Computing and Data Science PhD Student Seminar Series
The Boston University PhD program is home to a wide range of students, all studying various facets of data science. To help give students a friendly opportunity to practice and develop their research skills, we are launching the Computing and Data Science PhD Student Seminar Series. This series is focused on allowing doctoral students to present their research within a supportive and collaborative environment. Each seminar offers students a chance to share their findings, practice presentation skills, and receive constructive feedback from peers and faculty in a friendly, non-judgmental setting. This format not only helps students refine their work but also fosters essential communication skills that are crucial for their academic and professional careers.
Beyond the academic benefits, the seminar series is a community-building endeavor that seeks to strengthen connections among CDS students. By creating a space for students to share their work with the public, students from various backgrounds can learn from each other's experiences and methodologies.

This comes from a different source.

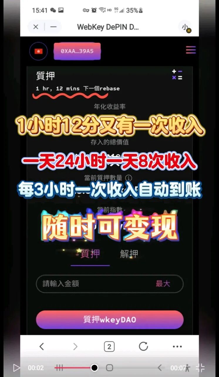 24年9月到25年1月,我在币圈踩了俩坑,具体名字就不提了,说多了都是泪!好在2月份转运,同时遇上了mc公链和webkey多链手机。当时wkeydao要60u,价格有点高,我没看懂也没敢冲,反观mc公链门槛低,动态收益100%,来钱快,我就all in了mc,干了俩月,实实在在拿到了钱。

The seminar series, organized by students Freddy Reiber, Lingyi Xu, and Yan (Stella) Si, meets weekly throughout the year on Fridays from noon to 1 PM, with lunch during the talk. Students interested in giving a talk should reach out to the organizers through email.
How do I get LLMs Up and Running Quickly? with Yan (Stella) Si
October 10, 12 PM - CDS 1646
Abstract: With the rise of large language models (LLMs), new experimental methods are emerging across disciplines — especially in the social sciences. Researchers are increasingly interested in using LLMs as reasoning tools or even as synthetic study participants. But how do you actually work with these tools in practice? In this workshop, we will walk through how to get an LLM up and running, whether through an API or locally on your own machine. We will focus on the most accessible ways that are cheap and high-quality so you can begin experimenting right away.

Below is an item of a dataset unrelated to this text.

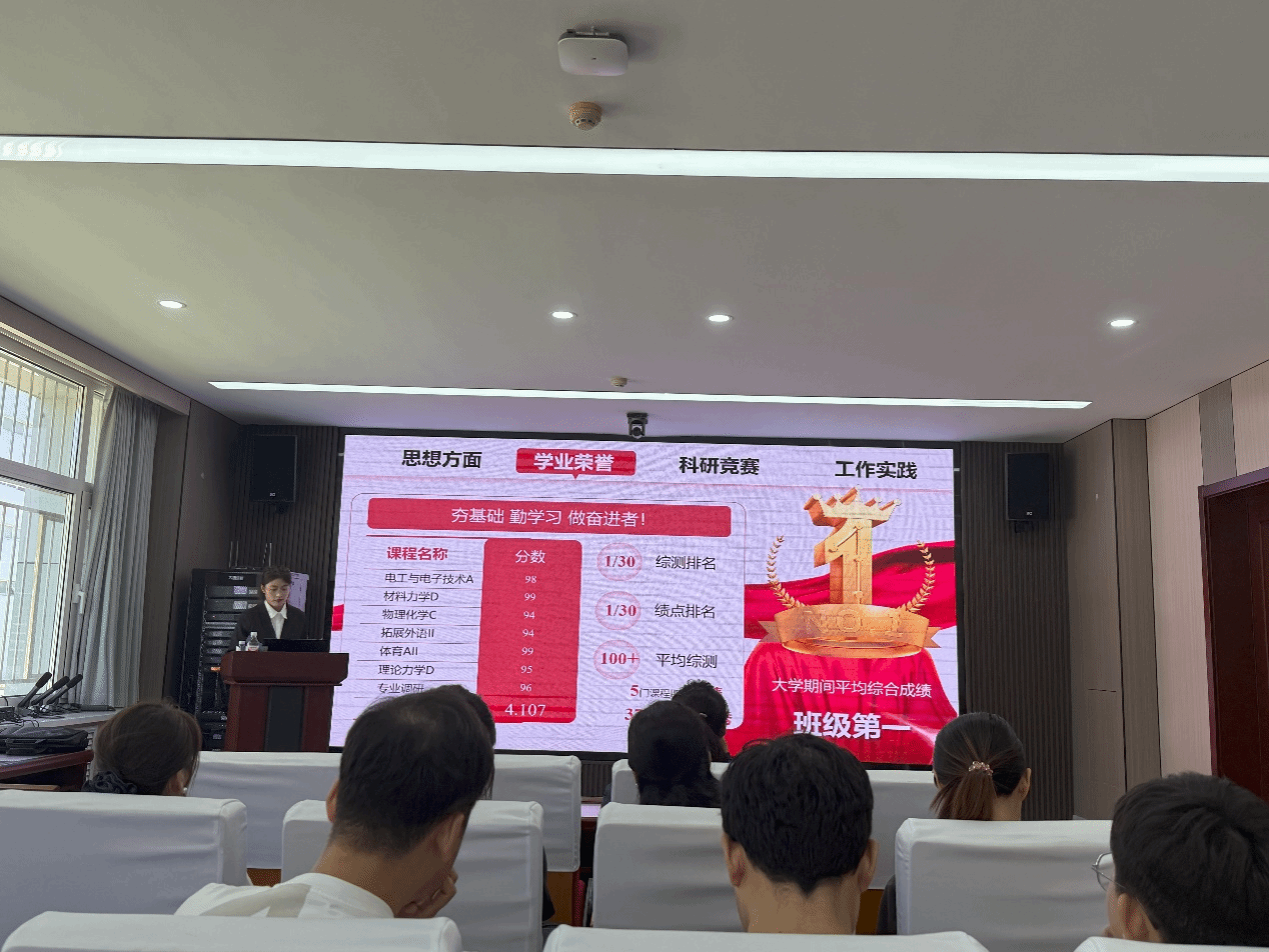 会议伊始,董亮简明扼要地介绍了本次评审的流程。随后,参评选手们依次通过PPT演示的方式,全方位展示个人风采。同学们从学业成绩、竞赛经历、科研探索、志愿服务、社会实践等多个维度展开汇报,内容丰富且精彩。短短几分钟的展示,是同学们长期努力的成果,凝聚着他们的汗水与心血。每位同学都以自信的姿态,讲述着自己在大学时光里的成长与收获,充分展现出新时代大学生积极向上、勇于进取的精神风貌。

Bio: Stella is a PhD student at Boston University Computing and Data Sciences, where she works at the intersection of cognitive science and AI.
Her research centers on modeling human decision making, combining neural networks with traditional cognitive models to uncover the psychological principles behind how we choose. She is also building large-scale, high-quality datasets to drive this work forward.

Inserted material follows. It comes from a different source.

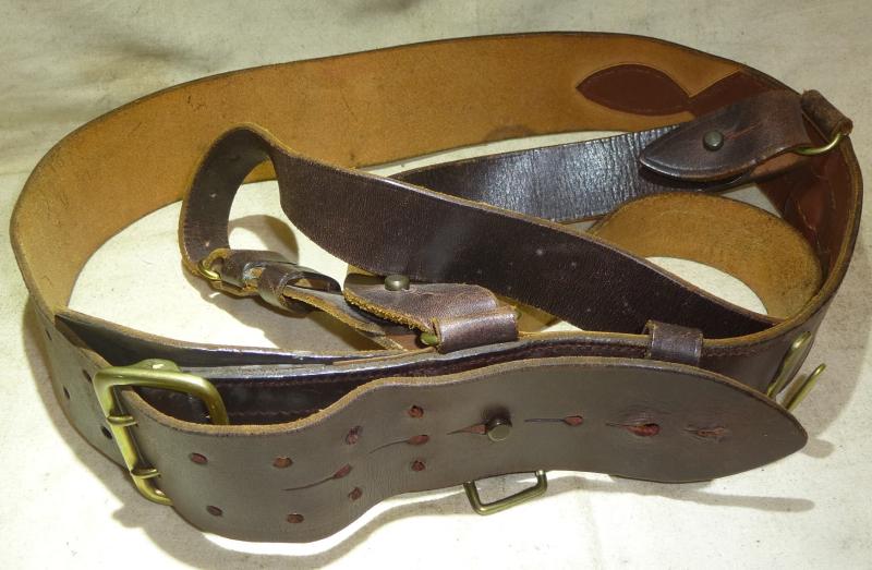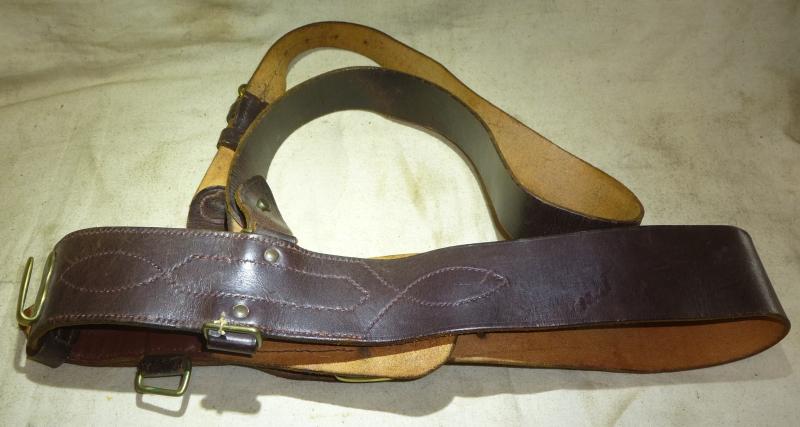 This is a used Sam Browne belt with shoulder strap. The leather is in good supple condition Date unknown. Belt size appears to be 32" - 38" approx

Policy Modeling for Sex Trafficking Legislation in Massachusetts with Gabe McDonnell-Maayan
October 24, 12 PM - CDS 1646
Abstract: Gabe will present a work-in-progress project that develops a decision-support tool to guide policymaking on sex trafficking legislation in Massachusetts. Sex trafficking, the largest form of modern-day slavery, remains a serious issue across the United States. In Massachusetts, advocacy organizations are actively pushing for competing legislative approaches. In collaboration with a subject-matter expert, Gabe's team constructed a simulation of the commercial sex system and calibrated it to Massachusetts using diverse data sources. Preliminary results from the model are intended to inform upcoming deliberations of the state senate judiciary committee.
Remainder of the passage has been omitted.